In 2019, when the Organized Crime and Corruption Reporting Project (OCCRP), RFE/RL’s Kyrgyz Service, and Kloop released a damning report implicating Matraimov in a massive corruption scheme, Kyrgyz authorities sat in stunned silence as he filed lawsuits against the media outlets that had published or shared the reporting. The pendulum began to swing after the October 2020 revolution that catapulted Sadyr Japarov into the presidency, but although Matraimov was arrested and ultimately pled guilty, he was released after paying a mere fraction of what he was alleged to have helped steal from the Kyrgyz state. Matraimov was designated for sanctions under the Global Magnitsky Act by the U.S. in December 2020, a move that was read in part as a rebuke of the new Kyrgyz leadership for letting him go so easily.

Matraimov was re-arrested on new charges of money laundering in early 2021 but released and the charges dropped. In October 2023, the pendulum again swung back at Matraimov when another notorious, internationally wanted, criminal kingpin named Kamchybek Kolbaev was killed by state security officers in a shootout in a Bishkek bar.

In the wake of the Kolbaev killing, SCNS head Kamchybek Tashiev went on the war-path, railing against organized crime in Kyrgyzstan, proclaiming that “from now on there will be neither Kolbaev’s mafia, nor Matraimov’s mafia, nor other mafias in Kyrgyzstan.”

In January 2024,  Kyrgyz media reported sources stating that the SCNS had placed Matraimov on a wanted list on suspicion of abducting and illegally incarcerating unnamed individuals.
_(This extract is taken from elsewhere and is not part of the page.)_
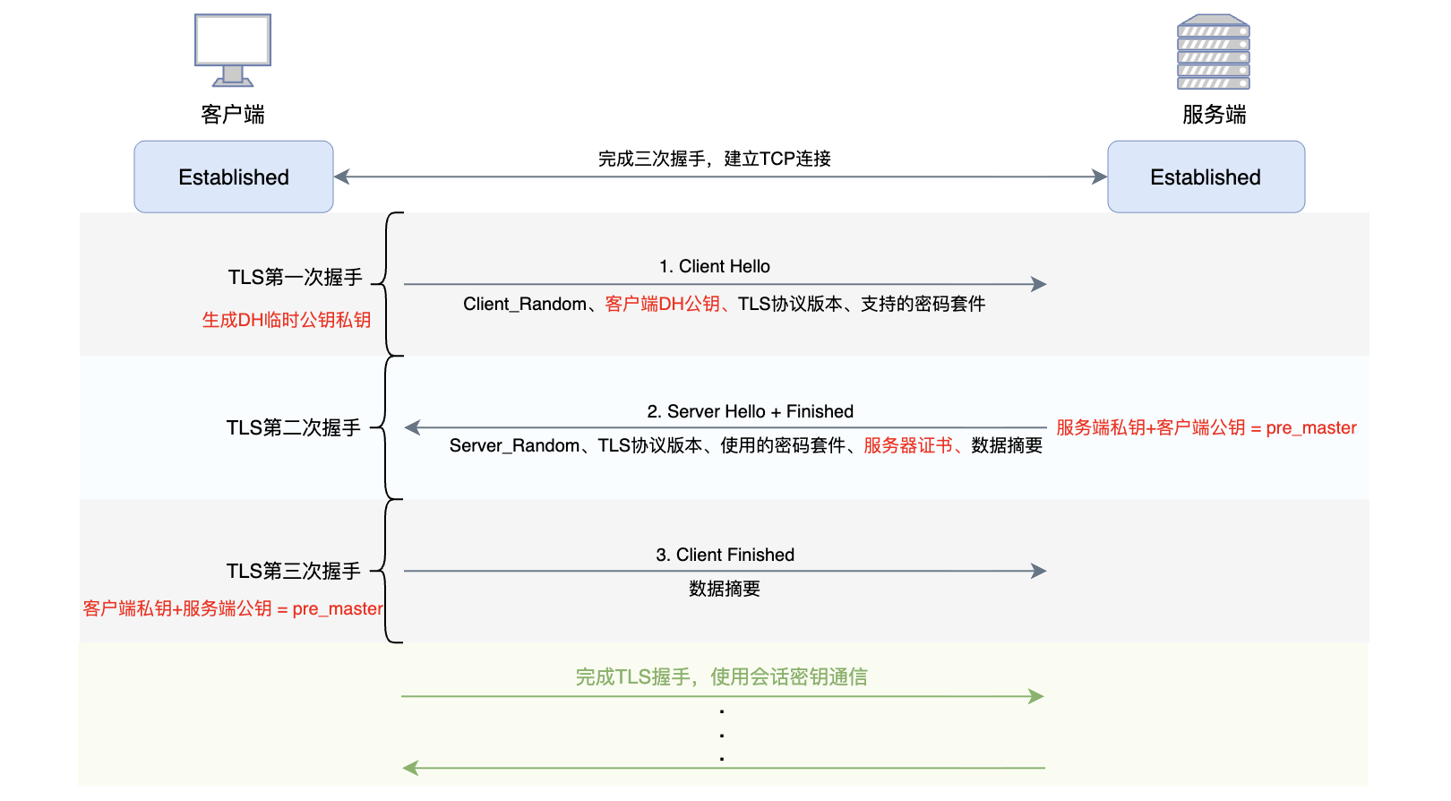另外,TLS 1.3简化了握手流程,将四次握手合并成了三次握手,在第一步中,客户端直接传递公钥,然后第二步中,服务端直接可以finished;
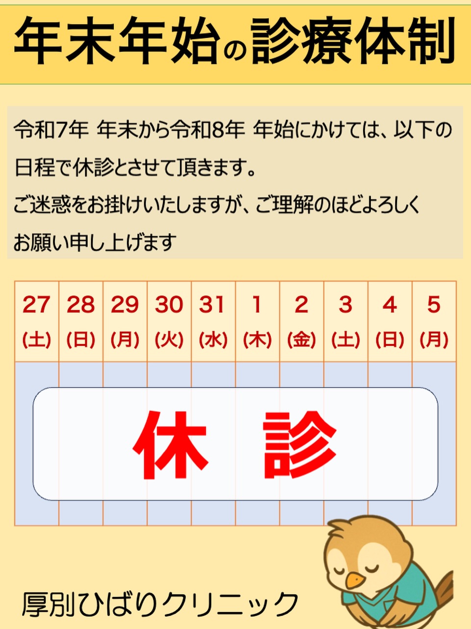年末年始は長い連休となります。どこにも出かけませんが、平日は時間がなくてなかなかできない体調調整、仕事、片付け、勉強をします。よろしくお願いします。#厚別ひばりクリニック#内科 #ペインクリニック内科..

No further details were offered about the charges, and it was not clear at the time where Matraimov was. In February, Iskender Matraimov – Raimbek’s brother – surrendered his parliamentary mandate, as did another deputy with close ties to the family. 

That brings us to March and the rapid churn of events this week. According to Kyrgyz media, Raimbek, along with three of his brothers (Kloop reported them as Ruslan, Tilek, and Ismabek), were detained on March 26 and swiftly extradited from Azerbaijan. Some reports included Iskender in the list, but his son posted on Facebook that his father had not been arrested and was returning voluntarily to Kyrgyzstan from Dubai. 

As I’ve noted past articles for The Diplomat Magazine, the Japarov-Tashiev tandem has repeatedly claimed to have forestalled various plots, mostly coups. It’s difficult to confirm or refute such claims, given a lack of evidence presented publicly and the tendency of Bishkek to interpret all opposition as revolutionary in intent. 

When it comes to Matraimov, it’s possible that Bishkek is both justified in arresting him but also acting with primarily populist intent. It’s not an anti-corruption/anti-crime campaign without any corrupt criminals being arrested, after all. But the repeatedly missed opportunities over the last five years to bring Matraimov to justice suggest that it’s not necessarily the crime, but the timing that is of critical importance.

Will Matraimov again wriggle off the hook? Will there ever be consequences for the officials who time and again let him go?